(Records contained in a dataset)

::::::

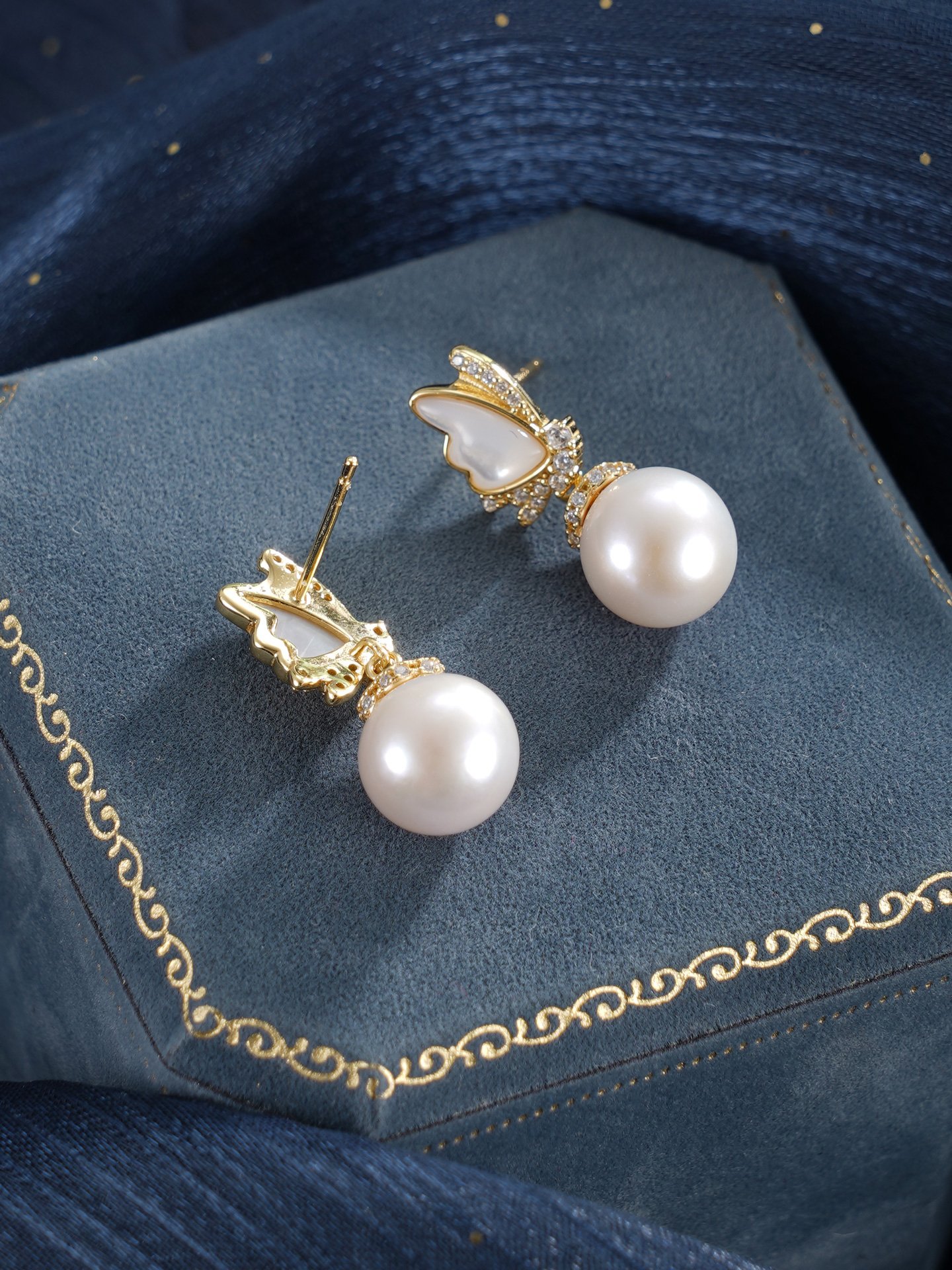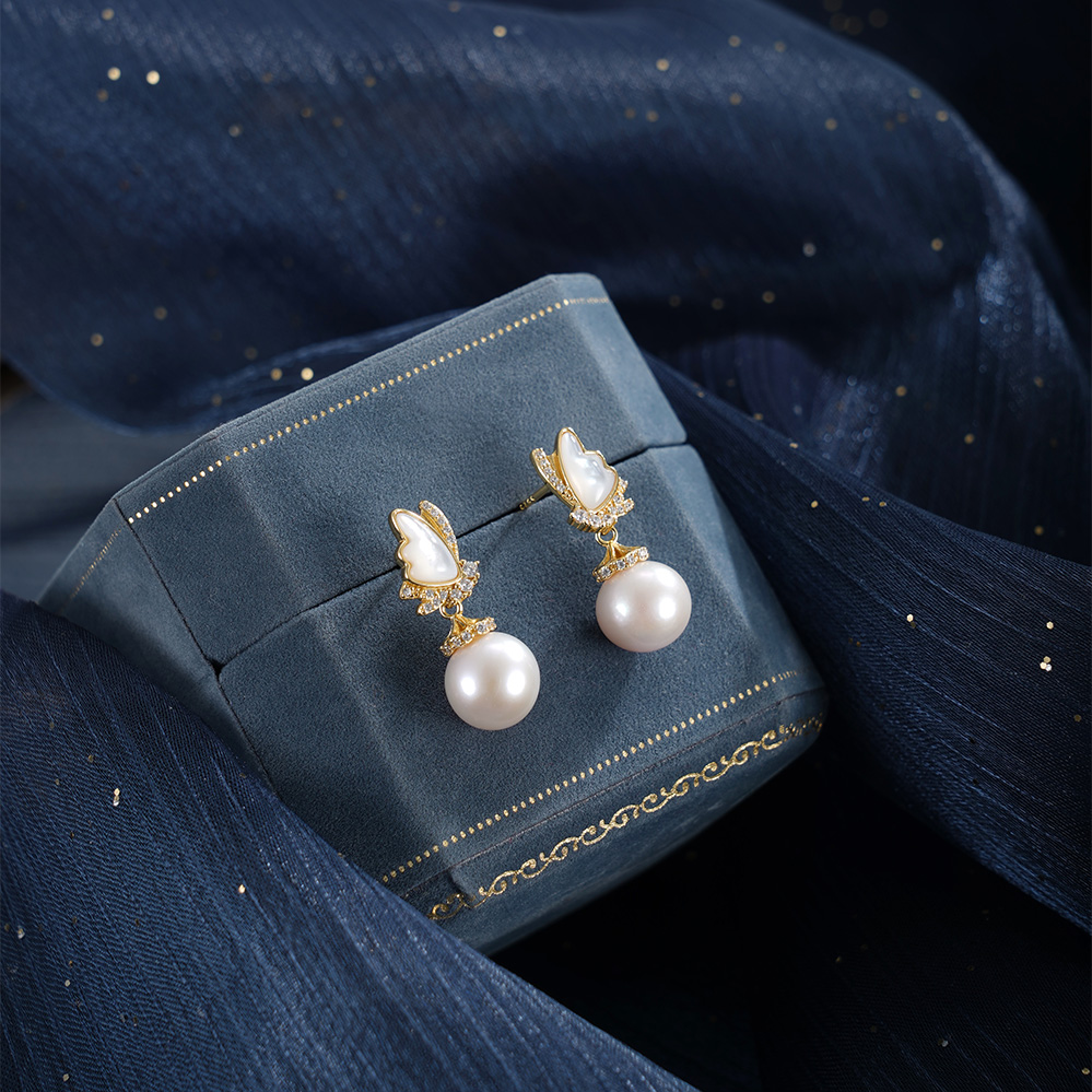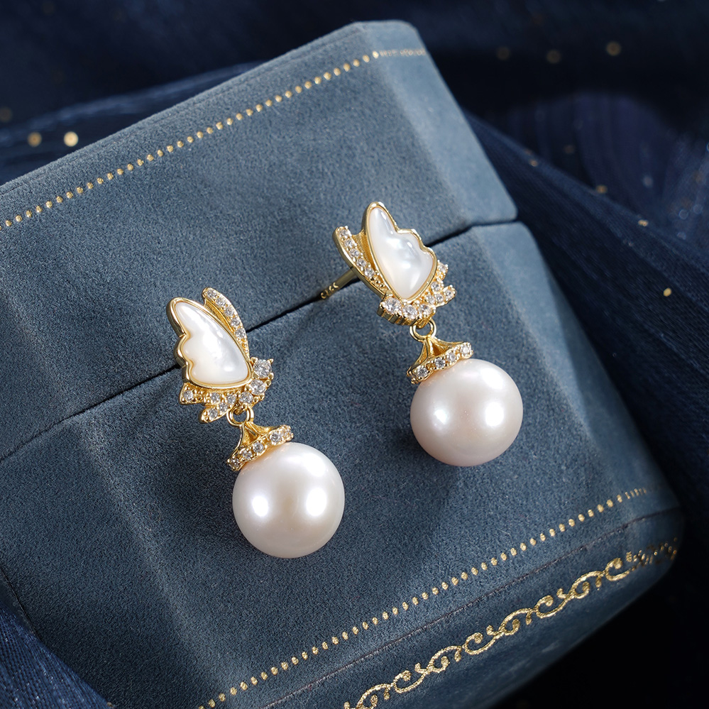 子佩集【蝶梦星河】银S925珍珠惜王妃耳钉【MLEH017】9.5mm珠镀金白贝母蝴蝶2601
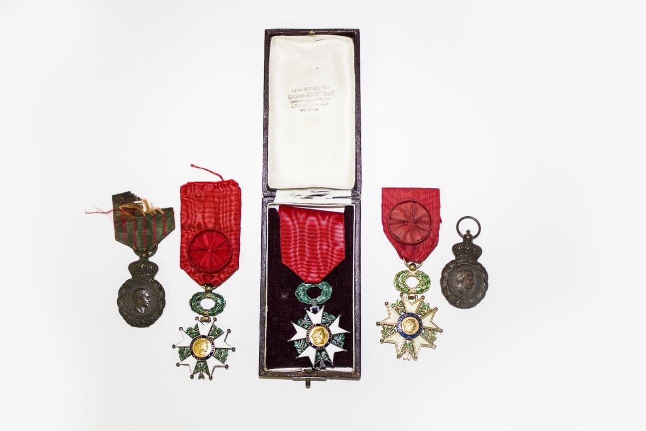 4026. Ensemble de trois Ordres nationaux de la Légion d'honneur et deux Médailles de Sainte-Hélène
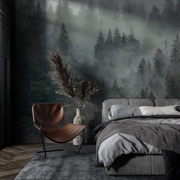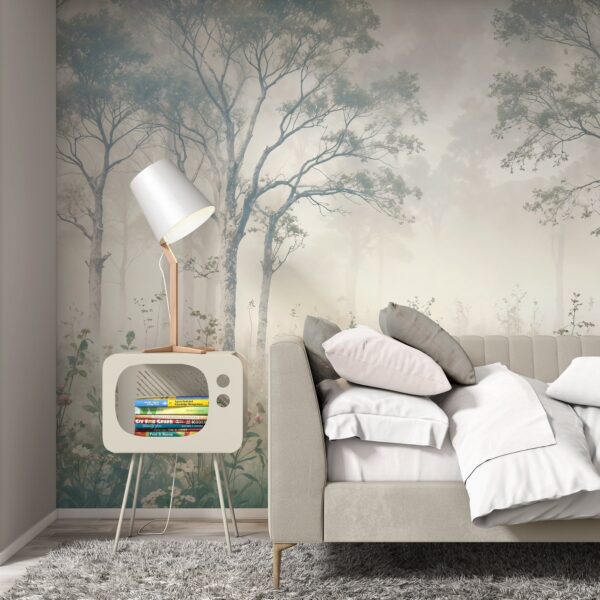 Sisli Orman Manzaralı Ağaç Desenli Duvar Kağıdı
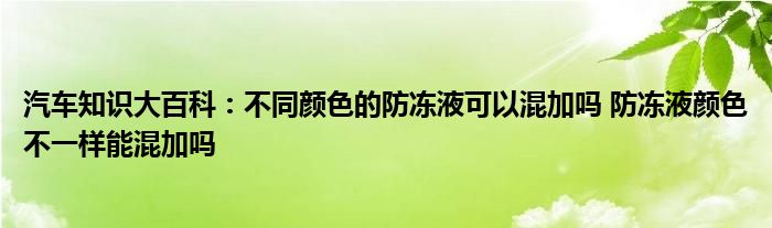 汽车知识大百科:不同颜色的防冻液可以混加吗 防冻液颜色不一样能混加吗
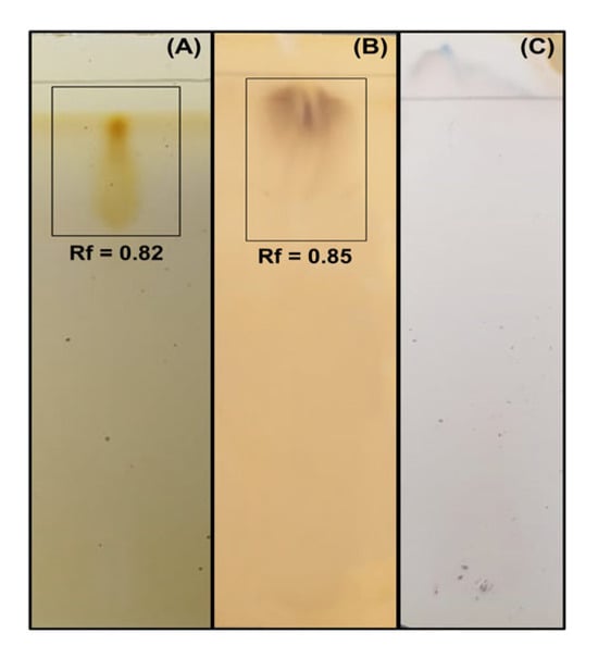 TLC analysis provided preliminary insights into the chemical composition of the BS. When the plate was incubated in a chamber saturated with iodine vapor (Figure 3A), a yellow spot with an Rf value of 0.82 was observed, indicating the presence of lipids. The presence of sugars was confirmed by a dark spot with an Rf value of 0.85 after staining with α-naphthol solution (Figure 3B). No spots were detected after staining with ninhydrin solution (Figure 3C), suggesting the absence of peptides or amino acids.
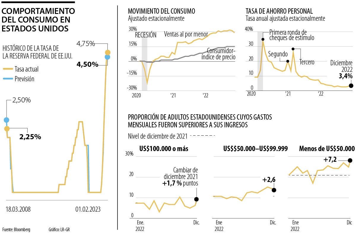 Ahora, en 2023, aquellas personas que ayudaron a mantener el gasto elevado se están quedando sin los mismos recursos para mantener el ritmo. La proporción de los ingresos mensuales que los estadounidenses reservaron para ahorrar fue del 3,4 % en diciembre, por debajo del 7,5 % del año anterior y de un máximo histórico en abril de 2020. En enero ese nivel se estima en menos de 3% el más bajo en tres años.
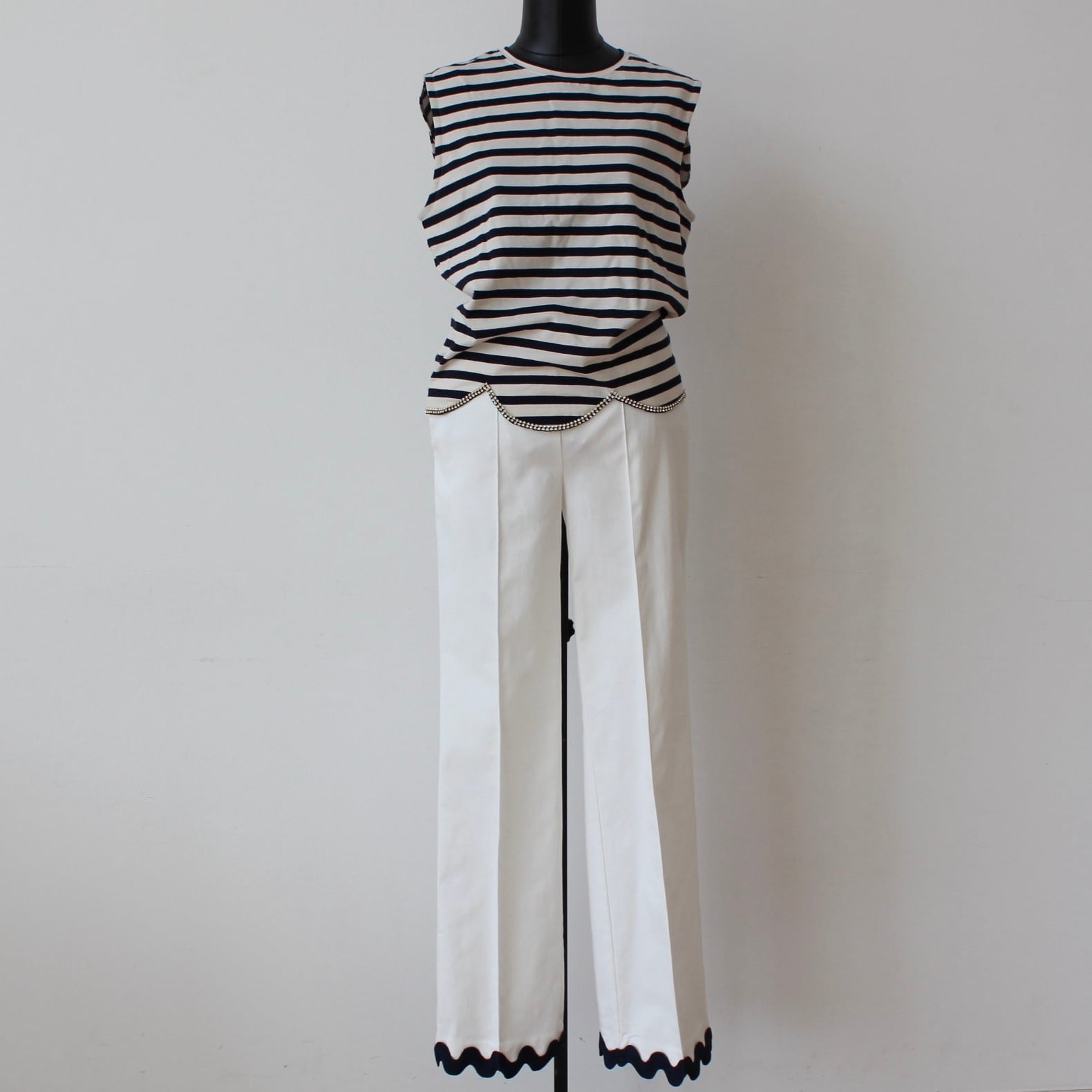 このパンツは、カジュアルなTシャツやブラウスと相性抜群で、デイリースタイルを楽しむことができます。また、オフィススタイルやお出かけシーンでも活躍すること間違いなし。さらに、サンダルやスニーカーを合わせることで、季節を問わず様々なコーディネートが可能です。ぜひ、VILAGALLO グログランリボン裾デザインホワイトストレッチリヨンセルコットンパンツで、あなたのスタイルに洗練された魅力を取り入れてみてください!

::::::

• **TASK**: Line for line, output the entries above from the line with "Sisli Orman Manzaralı" to the line with "TLC analysis provided", both included, and nothing more. Skip pictures.

• **REPLY**:
 Sisli Orman Manzaralı Ağaç Desenli Duvar Kağıdı
 汽车知识大百科:不同颜色的防冻液可以混加吗 防冻液颜色不一样能混加吗
 TLC analysis provided preliminary insights into the chemical composition of the BS. When the plate was incubated in a chamber saturated with iodine vapor (Figure 3A), a yellow spot with an Rf value of 0.82 was observed, indicating the presence of lipids. The presence of sugars was confirmed by a dark spot with an Rf value of 0.85 after staining with α-naphthol solution (Figure 3B). No spots were detected after staining with ninhydrin solution (Figure 3C), suggesting the absence of peptides or amino acids.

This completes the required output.